About a dozen people turned on flashlights that each was holding on his or her own face. "We know who you are," said one, a small scruffy man. "We're the anti-zink underground."
"Ah!" said the Doctor. He tried not to let the rattling at the balcony doors distress him. "You knew that Professor Taykov's plot was going to be executed by means of the Sohnmas zink dinners?"
"No," said a large woman. "We're against the eating of zink because it's an endangered species."
"If Professor Taykov had timed his plan for Raddleday," said another woman, "and put his floroxyneodymide in the dassivit, he'd've got us too. Dassivits breed like ... well, like dassavits."
The Doctor looked over at the balcony doors. In the dark he couldn't see them, but he could hear the mindzombies' growing enthusiasm to have them broken through.
"We've petitioned Professor Taykov about outlawing the hunting and selling of zink," said the scruffy man, "and all he does is have his mindzombies hunt down the people who signed, and kill them. So we went underground. When he still hunted us down we stopped requiring signees to list their addresses -"
"All very enlightened, I'm sure," said the Doctor quickly, with his voice rising, "but I think we need to get out of here rather desperately!"
Professor Taykov turned to Adric and Nyssa. "So, you are already my slaves," he said to them.
"It doesn't ordinarily work this fast?" asked Nyssa. "Didn't it for all the people on the street?"
"How articulate you are," said Professor Taykov. "You must have an unusual intelligence, for so much of it to have survived the transition to mindzombie.
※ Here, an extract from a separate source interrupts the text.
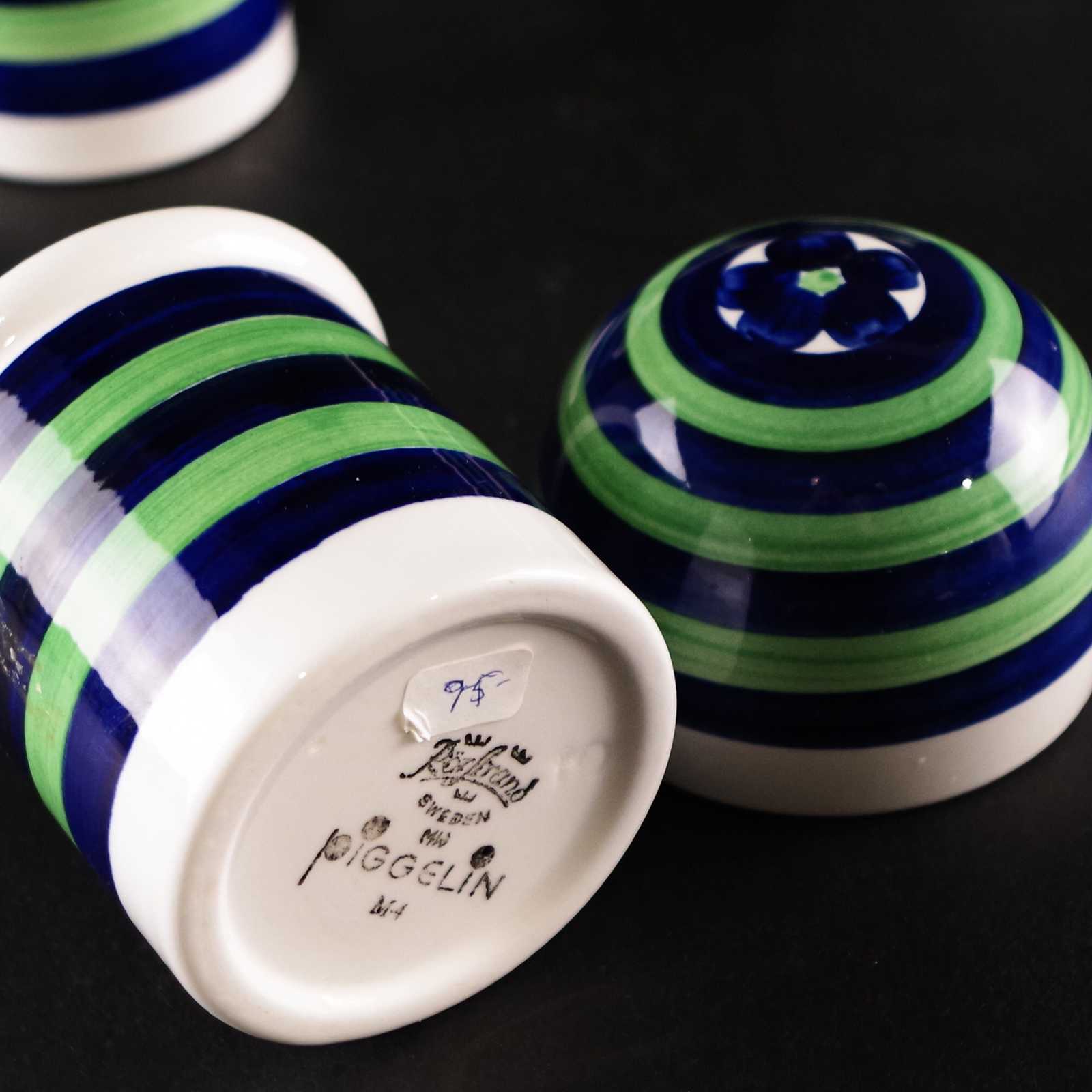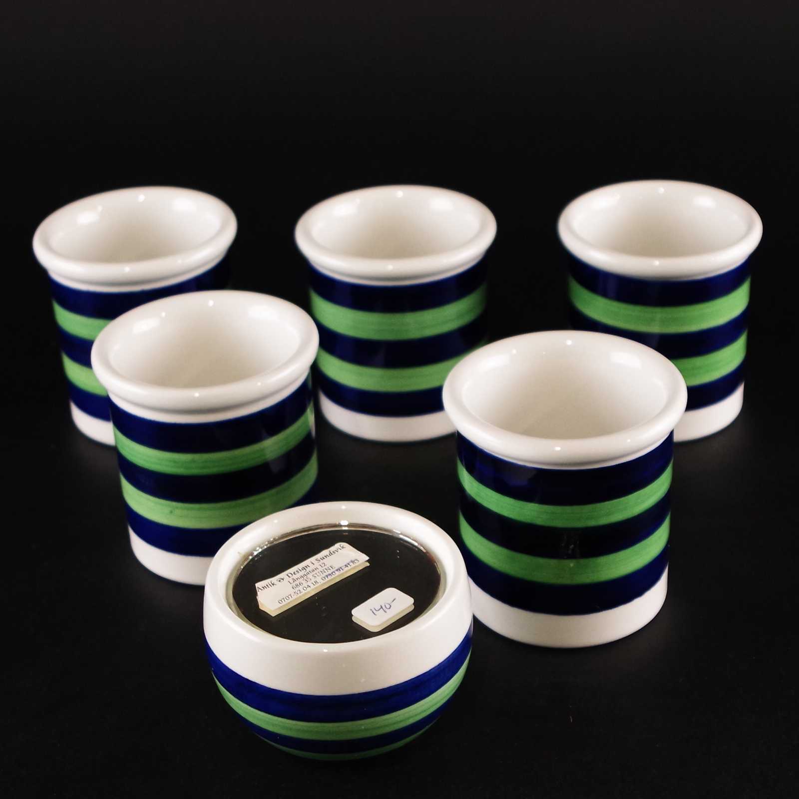 BURKAR/MUGGAR 5st & HANDSPEGEL Rörstrand, Piggelin. H:7cm D:7cm största.

What about you, boy?"
"What?" said Adric.
"That was a narrow escape," said the Doctor.
He and the zink underground now were in a room of theirs in the building across the street from the Taykov Building. He was still the only one without a flashlight.
"Look," he said, "is there really all that much chance of being detected here, or can we turn on the lights?"
"Oh, it's not that," said a little man with a pointy nose, big ears and a mustache, making him look like a mouse. The others called him Mouse. "We just haven't paid the power bill in a long time."
"Ah," said the Doctor. "Well," he said. "I don't suppose you have any plan for thwarting Professor Taykov's fiendish plot?"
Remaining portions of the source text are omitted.